In the present case, the Board’s use of the presumption that employees’ otherwise free choice is all but irrefutably tainted when an employer has even slightly refused to bargain does not meet the standards any of these separate Justices would apply to determine if the Board has “give[n] objectively reasonable probative effect to the reality” of the facts before it. Id. at 808, 110 S.Ct. at 1560 (Scalia, J., dissenting).

As the court today notes in discussing the imposition of the bargaining order, “employee ‘free choice’ ... is a core principle of the [National Labor Relations] Act.” Maj. Op. at 11 (citing Skyline Distribs. v. NLRB, 99 F.3d 403, 411 (D.C.Cir.1996)). However, in cases like the present one, the Board, in the face of that core principle, presumes that the employees are incapable of exercising their core right because they might have been deceived as to the union’s strength by the employers’ apparent willingness to challenge the union. If that is the case, and a union is worth having, then why couldn’t the unions so inform the employees out of it? To presume that, employees are such fools and sheep that they have lost all power of free choice based on the acts of their employer, bespeaks the same sort of elitist Big Broth-erism that underlies the imposition of the invalid bargaining order in this ease. Consider anew the facts before us. In 1990, 85.7 percent of the employees of the bargaining unit signed a petition asking for a chance to exercise their free choice. Seven years later, those employees still have not had the election they sought because the Board presumes that the employers’ refusal for a few *1464days to bargain with the Union thoroughly fooled those poor deluded employees to such a point that neither the Union nor anyone else could possibly educate them of the truth known only to their Big Brother, the Labor Board.

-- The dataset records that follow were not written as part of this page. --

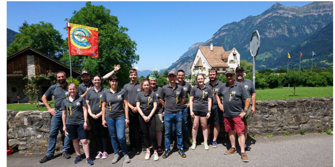
Société de Tir de Porsel au Tir Cantonal à Uri
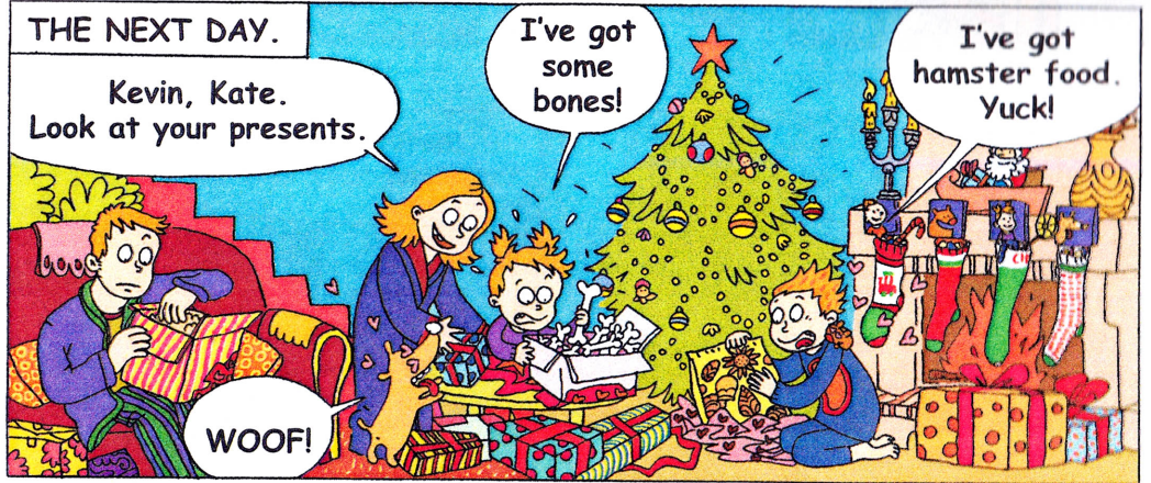
Le lendemain. - Kevin, Kate. Regardez vos cadeaux.
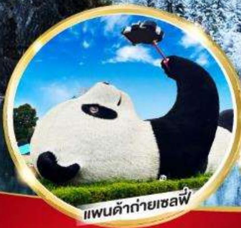
แพนด้ายักษ์เซลฟี่
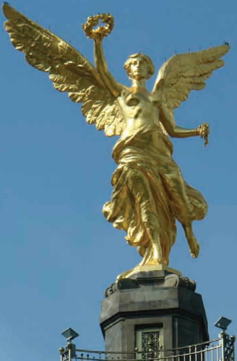
Ángel de la Independencia, Paseo de la Reforma
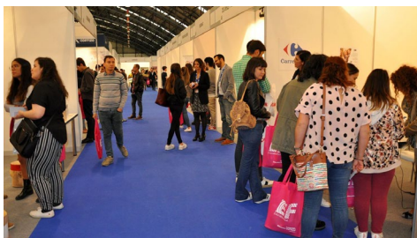
A terceira edición da Finde. U pechouse con máis de 1000 participantes.
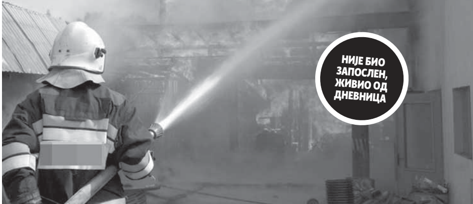
Ватрогасци из Модриче угасили пожар
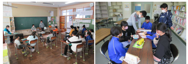
【地域子ども会の様子】

本校で行う地域子ども会はこれが最後ですが、4月6日(火)からスクールバスを利用した登下校が始まるため、春休み前に、「バス乗車の約束の確認」「バス停の場所の確認」「スクールバスの班長決め」「座席の確認」等を行う予定です。安全な登下校にするために、しっかりルールを守って利用しましょう。
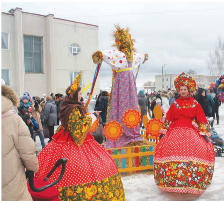
Вот таких красавиц можно было встретить на празднике
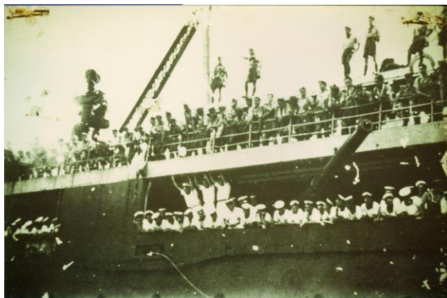
Port de Papeete – 21 avril 1941

Dès l'annonce de l'armistice signé par le Maréchal Pétain et dès l'Appel du 18 juin 1940, les Polynésiens ont manifesté avec force et détermination leur volonté d'aller se battre pour aider la France à se relever.
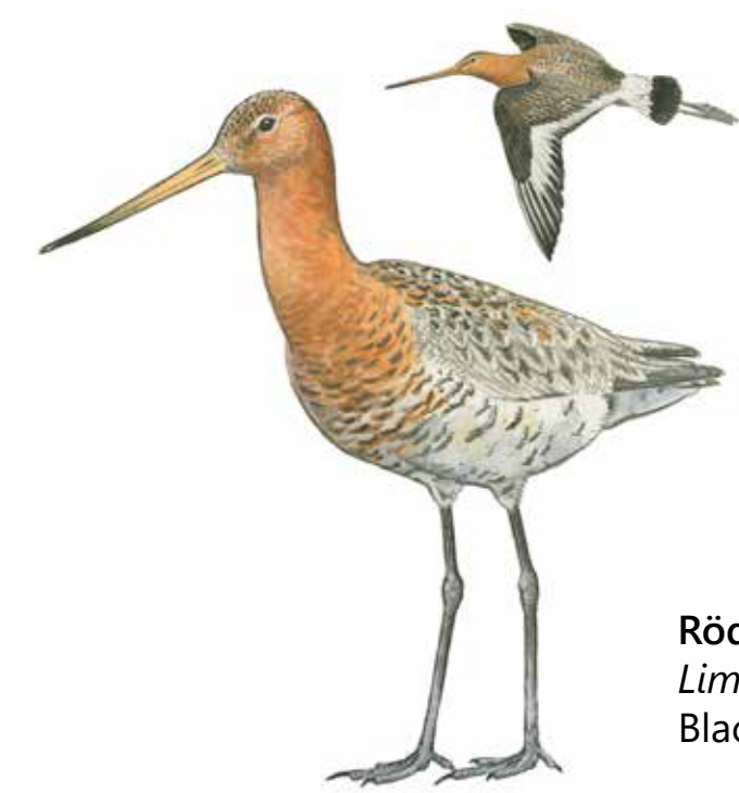
Rödspov Limosa limosa Black-tailed godwit

Consider for a moment a hypothetical world in which the supporters of a congressional candidate engage in illegal expenditures the day before an election. Their candidate ousts the incumbent by a few votes. Conceivably some hypothetical federal commission might, acting by delegation of Congress, someday have the power to set aside such an election. It is inconceivable that the people of the United States would tolerate empowering that commission to at the same time impose upon them the continuing services of the incumbent congressman for the next three and one-half congressional terms without a further election because of the presumed “taint” arising from the illegal expenditures. And yet, the Board feels perfectly righteous in so disenfranchising the employees in this case for the simple reason that they are employees. That is, the Board apparently has reasoned that the working class is composed of individuals not competent to determine their own best interest or even to know their own minds. I cannot in good conscience nor in obedience to my understanding of the role of a reviewing court support such administrative arrogance.